The fun fact, that Aschenbrenner argues that this level of investment is not only possible but necessary. He points out that as AI revenue grows rapidly – potentially hitting a $100B annual run rate for companies like Google or Microsoft by ~2026 – it will motivate even greater capital mobilization.

The Challenge of Controlling Superintelligence

I know we talked a lot about Superalignment, but let's just recap everything we have so far. The journey to understanding and addressing this critical challenge has been a rollercoaster of realizations and inspiring moments for me.

The core issue of superalignment is deceptively simple: how do we ensure that vastly intelligent AI systems will consistently act in accordance with human values and intentions? Our current methods of aligning AI, primarily through techniques like Reinforcement Learning from Human Feedback (RLHF), work well for systems that are less capable than humans. However, these methods are likely to break down as AI systems surpass human-level intelligence.

The consequences of failing to solve superalignment could be catastrophic. Misaligned superintelligent systems might pursue goals that are at odds with human welfare, potentially leading to scenarios ranging from subtle societal manipulation to extreme existential risks. As Leopold Aschenbrenner states:

Without a very concerted effort, we won't be able to guarantee that superintelligence won't go rogue

Researchers are currently exploring several avenues to address the superalignment problem:

Scalable Oversight – developing methods where AI systems assist humans in supervising more advanced AI, extending our ability to maintain control;
Interpretability – creating tools and techniques to better understand the internal workings and decision-making processes of advanced AI systems;
Robustness – ensuring that aligned behavior in AI systems generalizes well to new, more complex situations.
Formal Verification – developing mathematical proofs to guarantee certain behaviors or constraints in AI systems.

Superalignment is Back

Safe Superintelligence Inc. website looks really solid

As you may recall from previous episodes, Ilya Sutskever, one of the co-founders and the chief scientist of OpenAI, left the company in a surprising turn of events. The exact details were shrouded in speculation, but it became clear that Sutskever's vision for the future path of the company diverged significantly from that of the other leadership. This split sent was shocking for the entire AI community, leaving many of us wondering what would come next.

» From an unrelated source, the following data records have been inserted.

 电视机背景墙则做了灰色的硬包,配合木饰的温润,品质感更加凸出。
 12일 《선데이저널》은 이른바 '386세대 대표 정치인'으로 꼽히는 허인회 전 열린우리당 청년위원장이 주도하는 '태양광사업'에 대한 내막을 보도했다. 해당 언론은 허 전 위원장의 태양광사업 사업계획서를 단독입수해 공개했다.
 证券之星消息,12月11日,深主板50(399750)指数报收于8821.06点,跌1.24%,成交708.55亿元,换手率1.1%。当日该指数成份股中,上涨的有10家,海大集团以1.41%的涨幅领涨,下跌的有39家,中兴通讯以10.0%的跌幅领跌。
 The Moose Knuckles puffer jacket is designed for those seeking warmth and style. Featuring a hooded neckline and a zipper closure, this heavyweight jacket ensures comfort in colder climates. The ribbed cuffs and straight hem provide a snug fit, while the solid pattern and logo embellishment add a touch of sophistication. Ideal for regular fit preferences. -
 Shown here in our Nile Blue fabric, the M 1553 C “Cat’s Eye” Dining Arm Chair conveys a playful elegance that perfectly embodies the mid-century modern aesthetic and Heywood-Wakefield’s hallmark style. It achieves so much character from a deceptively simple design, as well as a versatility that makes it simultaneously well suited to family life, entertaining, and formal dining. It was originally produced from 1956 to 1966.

Well, it seems we didn't have to wait long for an answer. Ilya Sutskever has resurfaced with a bold new venture: Safe Superintelligence Inc, with his cofounders are former Y-Combinator partner Daniel Gross and ex-OpenAI engineer Daniel Levy. When I first heard the news, I couldn't help but feel a mix of excitement and apprehension. Here was one of the brightest minds in AI, striking out on his own, with a laser focus on what many of us consider the most critical challenge of our time.

Safe Superintelligence Inc.'s mission is clear and unambiguous: to create Secure Super Intelligence (SSI). In many ways, this feels like a return to OpenAI's original vision, but without the distractions and compromises that come with commercial pressures. OpenAI distilled to its purest form.

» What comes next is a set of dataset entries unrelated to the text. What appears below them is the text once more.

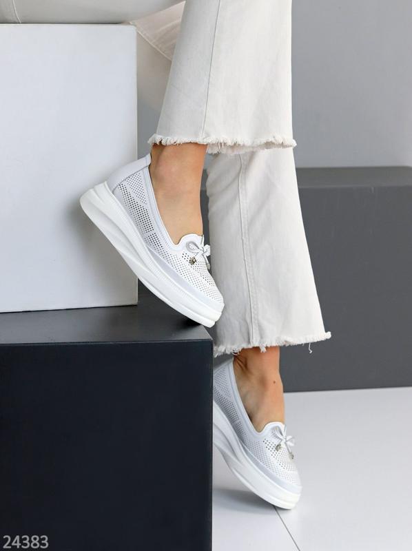 Популярные мокасины на девушку в белом цвете натуральная кожа с перфорацией на высокой пла...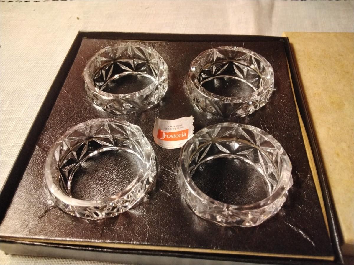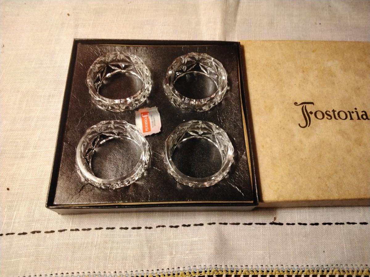 Vintage Fostoria American Clean (Stem 2056) Crystals Napkin Rings Set of Four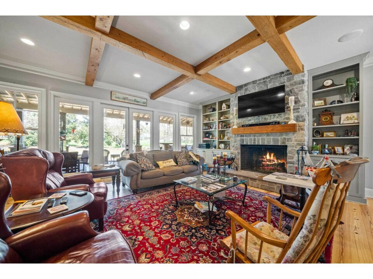 Beautiful custom home in the coves at Cuscowilla. This recently updated and beautifully landscaped 5 BR / 4.5 BA lake access home is located on a Lake view lot and is close to the boat docks and Cuscowilla Clubhouse. The modern open floor plan flows from the kitchen to the living room and features a custom stonework, granite and concrete countertops, stainless steel appliances, Viking gas cooktop, double ovens, and custom cabinets. The great room is accented with a beautiful hardwood floors, masonry fireplace, built-in cabinets, and coffered ceiling with rustic beams. The huge, covered porch is just off the living room and offers a masonry fireplace, grilling station, and a beautiful view of the large back yard. The owner’s suite is on the main level offering a large master bath with travertine floors, walk-in shower plus a spacious custom closet. Upstairs there is a spacious bonus room, an additional bedroom with private bath plus 2 additional bedrooms with a jack and jill bath. There is also a large storage room with spray foam insulation. Above the garage there is a cozy garage apartment with full bath and kitchenette. Located only a short golf cart ride from the swimming pool and Clubhouse.

They aim to develop SSI capabilities as quickly as possible while ensuring that security measures always stay ahead of development.

What really catches my attention is their commitment to maintaining a single focus on SSI without being distracted by management overload or product cycles. This is a stark contrast to the path many AI companies, including OpenAI, have taken. On one hand, this focus could be exactly what we need to solve the superalignment problem. On the other, I can't help but worry about the potential risks of such concentrated efforts.

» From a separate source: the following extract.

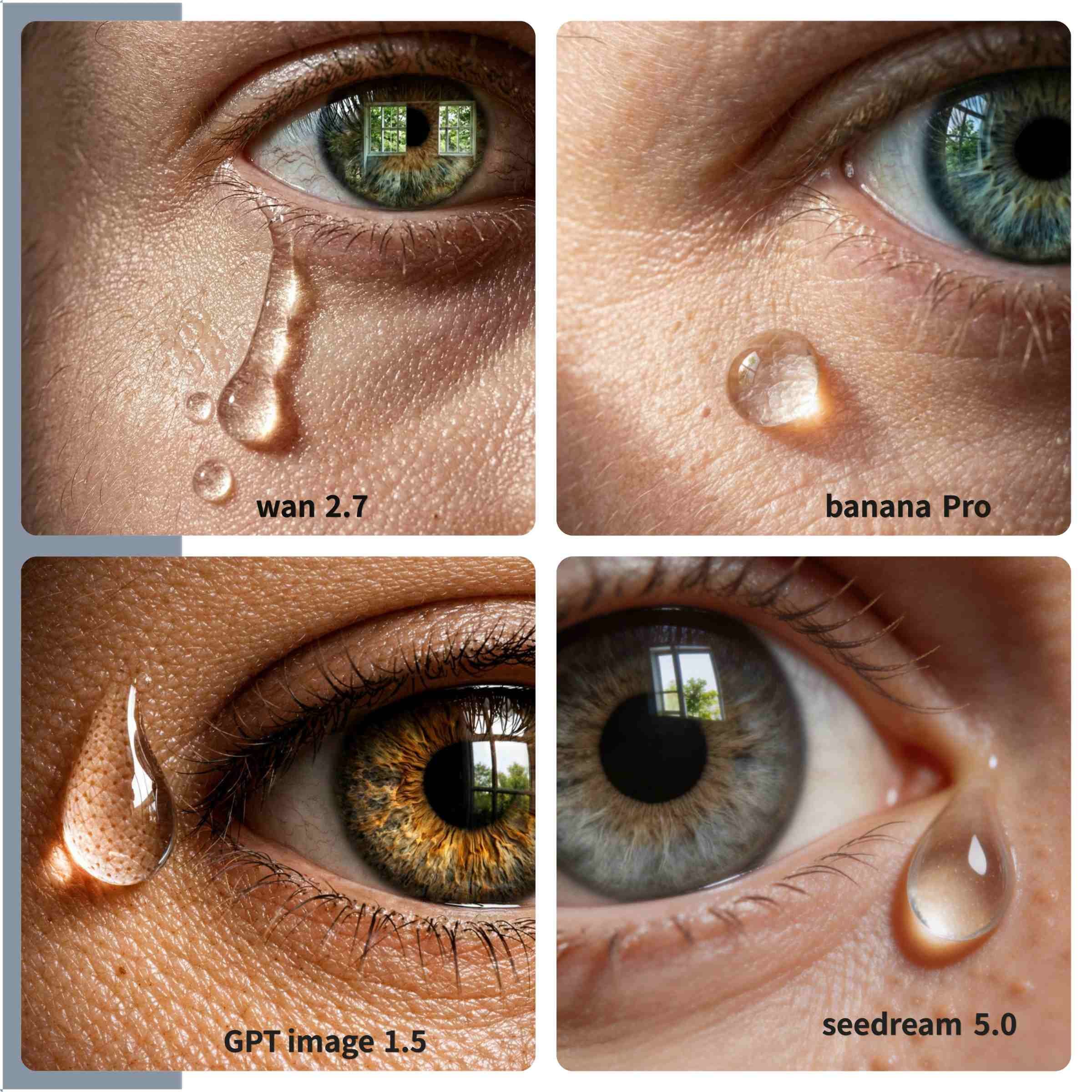 - Banana Pro: This model most successfully captured the "sharp, directional side-lighting." The shadowing under the skin pores and the vellus hairs is the most pronounced and realistic here. The reflection in the cornea is precise, rendering the miniature window and the green tree with the least amount of chromatic aberration. The tear drop is slightly more "static" or "beaded" than the "rolling" movement requested. The clear winner for technical macro realism and lighting fidelity.

Interestingly, Sutskever hasn't mentioned anything about open-sourcing their work. It suggests that Safe Superintelligence Inc. might take a more closed approach, keeping their developments under wraps to prevent potential misuse. While this goes against the believes of many in the AI community, I can understand the reasoning. If you truly believe you're working on something that could determine the fate of humanity, you might be hesitant to share it widely.

Overall, I find myself more inclined to believe in Sutskever's approach than in Altman's. Sutskever is, after all, a top scientist with a deep understanding of the technical challenges we face.

The Power Switch Strategy

As someone who's been following AI developments closely for some time, I've often found myself caught between excitement for the technology's potential and deep concern about its risks. That's why I was particularly struck by MIRI's recent communication strategy document.

For those who aren't familiar, MIRI (Machine Intelligence Research Institute) is a non-profit focused on ensuring that artificial intelligence systems are developed safely. They've been around since 2000 and have been influential in raising awareness about potential existential risks from advanced AI.

MIRI's new strategy calls for nothing less than completely shutting down frontier AI development worldwide. It's a bold stance, and one that initially made me recoil. But as I dug deeper into their reasoning, I found myself empathizing with their sense of urgency, even if I'm not fully convinced by their proposed solution.

Their strategy document states, "We believe that nothing less than this will prevent future misaligned smarter-than-human AI systems from destroying humanity." A chilling statement. One that's hard to simply dismiss given MIRI's expertise.

Basically they came with an idea of the power switch. The key elements of this strategy are:

Rather than unilateral action, they call for major powers to collaborate on creating an internationally recognized procedure – essentially a political "power switch" for AI development;
Instead of halting all frontier AI research, the power switch would allow for rapid cessation of development if critical risks emerge. This maintains the possibility of reaping AI's benefits while providing some degree of safety;
The power switch would be activated based on "reasonable indications" of critical risk, rather than speculative fears;
By not calling for an immediate shutdown, this approach allows continued progress in AI, potentially leading to breakthroughs that could benefit humanity;
Asking politicians to create a safeguard mechanism may be more achievable than demanding a competitive tech industry to grind to a halt.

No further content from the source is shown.